As we’ve written before, capitalism in this high-tech, globalized era is at a dead end. To function, it needs to expand. To expand, it needs customers. But production that is more and more robotized and high-tech doesn’t need many workers. In fact, for the workers this has been an era of layoffs and low wages, not the transition from working class to “middle class.” So who’s going to buy everything? Capitalism is facing a dead end, with nowhere to go.

All kinds of artificial means have been tried to pump up the economy. Mainly this has meant amassing huge amounts of debt in the hope this will give the system the needed jolt. Instead, it has become an albatross around their necks. The bigger the debt, the harder the fall.

The obvious failings of capitalism are fueling two political movements in the U.S. The far-right, who are behind Trump for now but are likely to swing behind Cruz, want to increase repression in the face of looming disaster. The more liberal, and even left, movement is looking to Sanders to take on Wall Street, at least to regulate the big banks. Nothing like the Sanders movement has happened in this country for a long, long time, and shows the severity of the crisis that already exists.

Come a financial crisis, what will happen? Would any U.S. president, conservative or liberal, resist the pressure to keep the big banks from going under, which would require feeding them more trillions of the people’s hard-earned ­dollars?

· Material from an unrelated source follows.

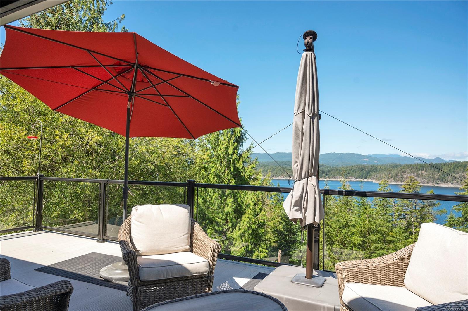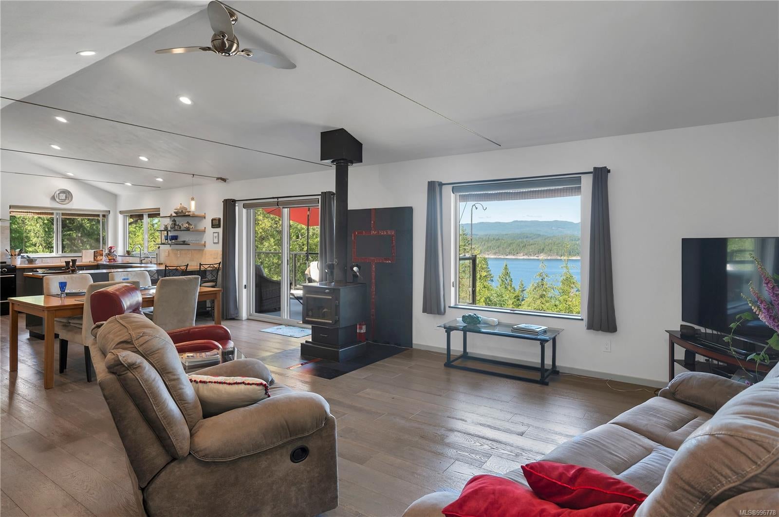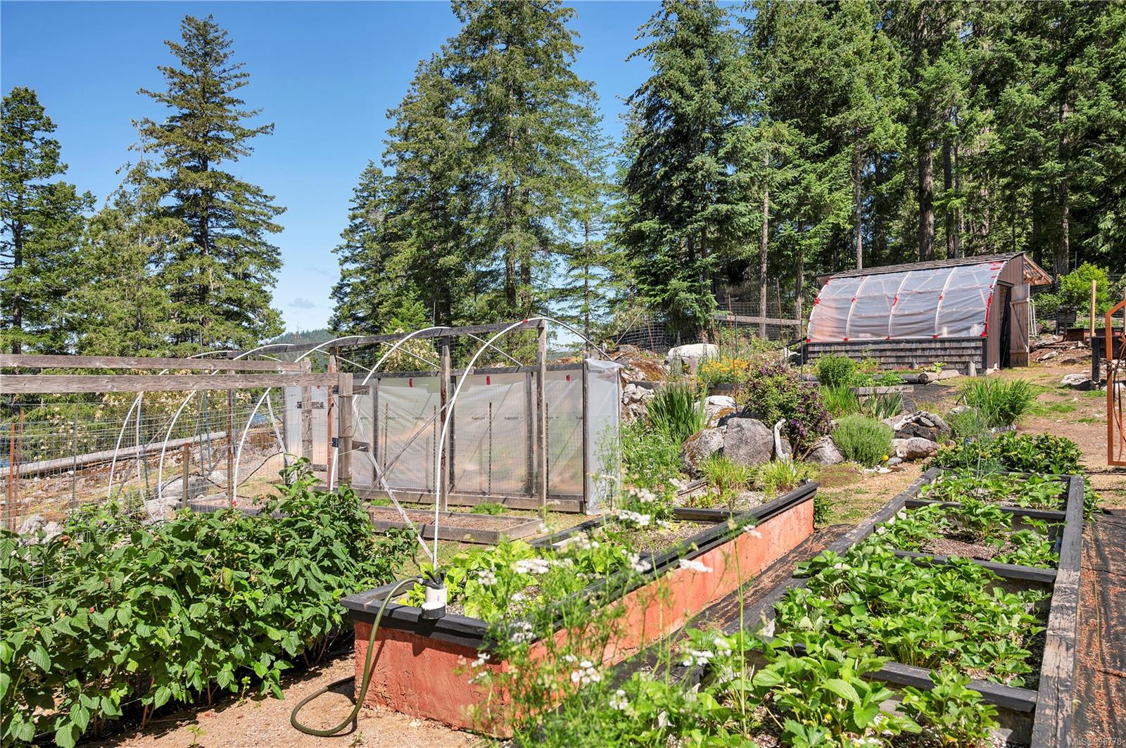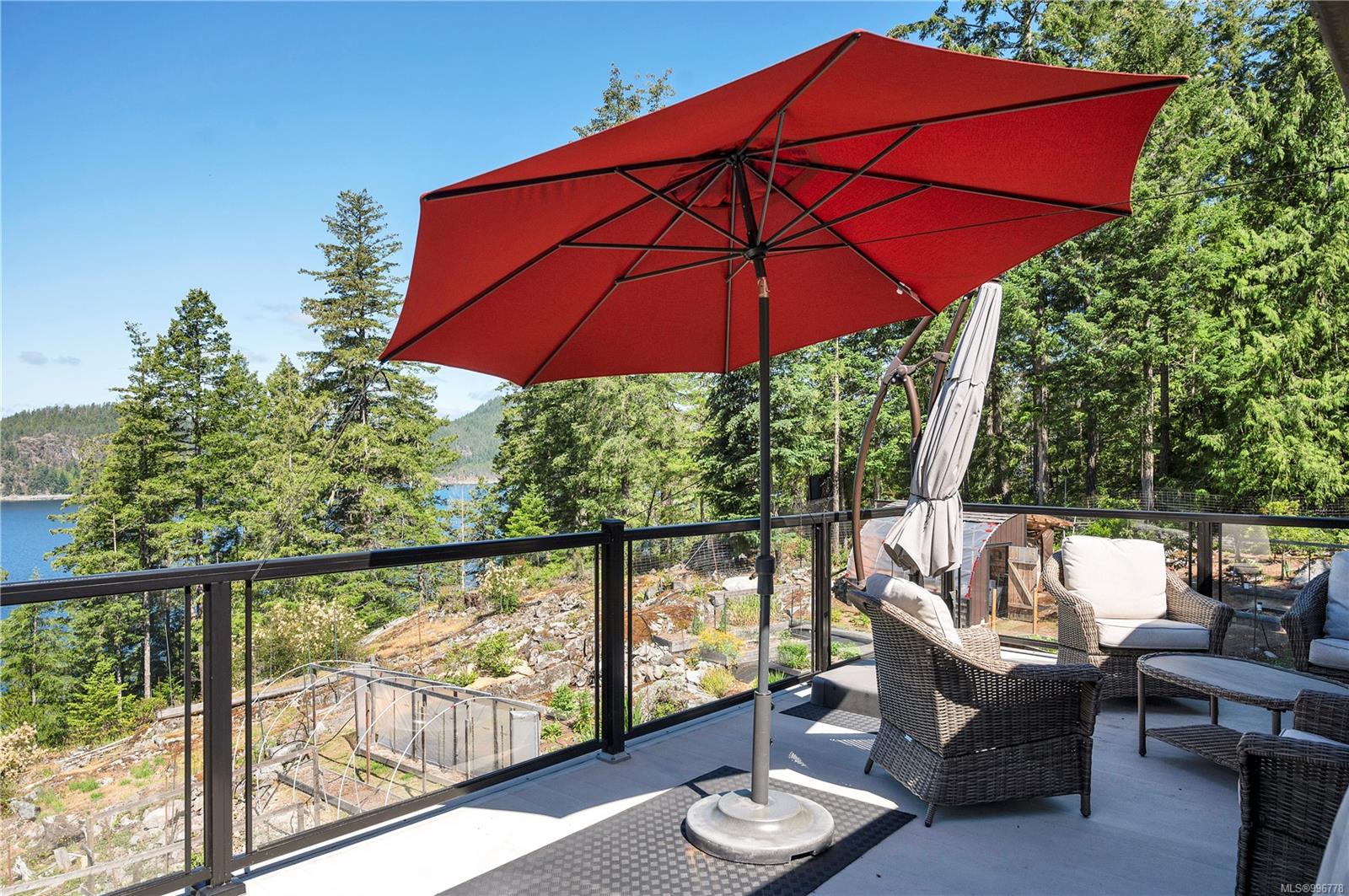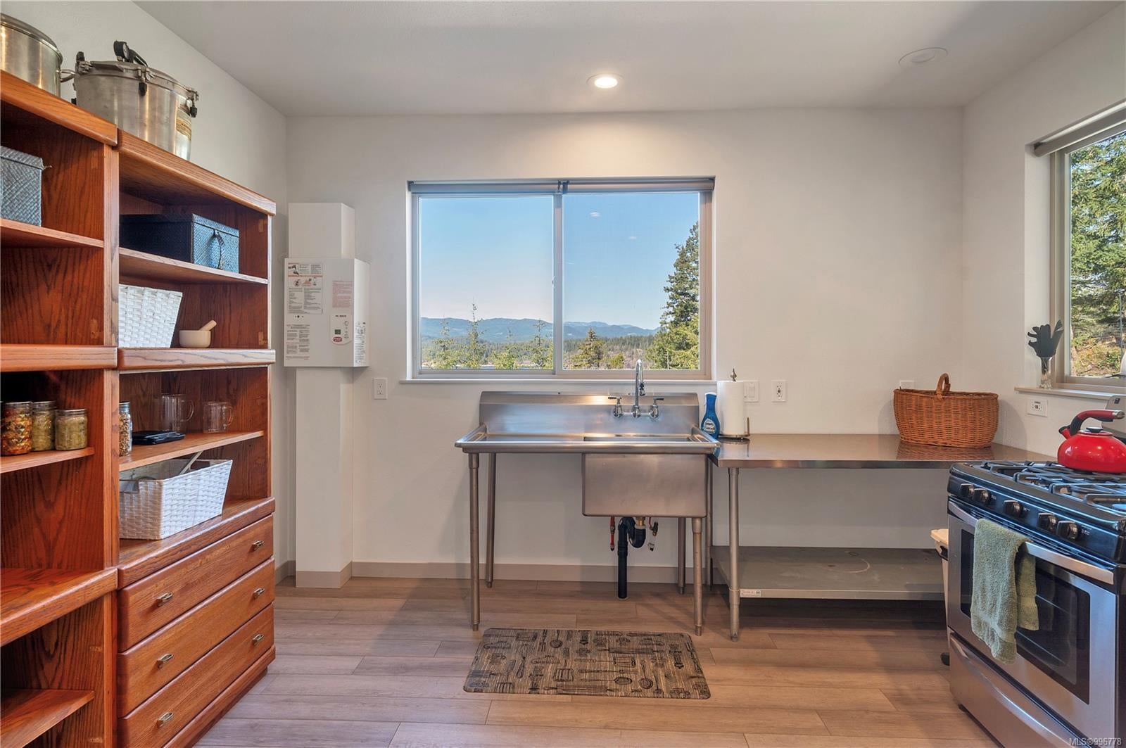 Read Island custom built home on 3.7 acre off-grid, highbank oceanfront property overlooking King Island Bay! This 2,400 sq ft two level home features a low maintenance design with metal roof & siding & aluminum deck on the upper floor. The lower level of the home offers a covered deck off the entry that opens to the canning kitchen with propane range & electric stove & stainless steel prep sink. There is a spacious family room with woodstove also on the lower level, with doors leading to the storage & workshop & large pantry. There is 1 bedroom with a 3pc ensuite also on this level. Upstairs you’ll find the inviting open floor plan living room, dining room and kitchen with vaulted ceilings, a woodstove and sliding door to the upper deck overlooking the ocean. The kitchen has a propane & electric oven & electric fridge and a good-sized pantry. Also on the upper floor there are 2 bedrooms and a 3pc bathroom, including the primary bedroom. The home boasts modern engineered flooring throughout, nice neutral paint & many windows. The sale includes most furnishings & off-grid equipment to run the power to the property including 15 solar panels, Pelton wheel turbine, inverter and battery bank. Other features of this beautiful property include two wood storage sheds, established fenced garden with irrigation, hot house & greenhouse/potting shed. There are also 4 apple trees, 1 pear tree, 1 cherry tree & 1 plum tree, plus a variety of other established fruit/vegetable plants and ornamental plants. Much of this acreage is in natural state with a nice mix of mature trees. This property is situated in a bareland strata subdivision on the west side of Read Island, with a shared strata wharf and road system through the subdivision to easily access the property from the wharf, about a 10 minute private boat ride from Heriot Bay. Come enjoy peaceful off-grid island living!

Regulation of the banks is not enough. It’s a bandaid on a gaping wound. What is really needed is for a government run by the people to seize the banks and the corporations and use the wealth they have stolen from the workers to rebuild our cities, the infrastructure, and the environment that has been so destroyed by the for-profit system. For that we need to look beyond the elections and build a revolutionary movement against capitalism and for socialism.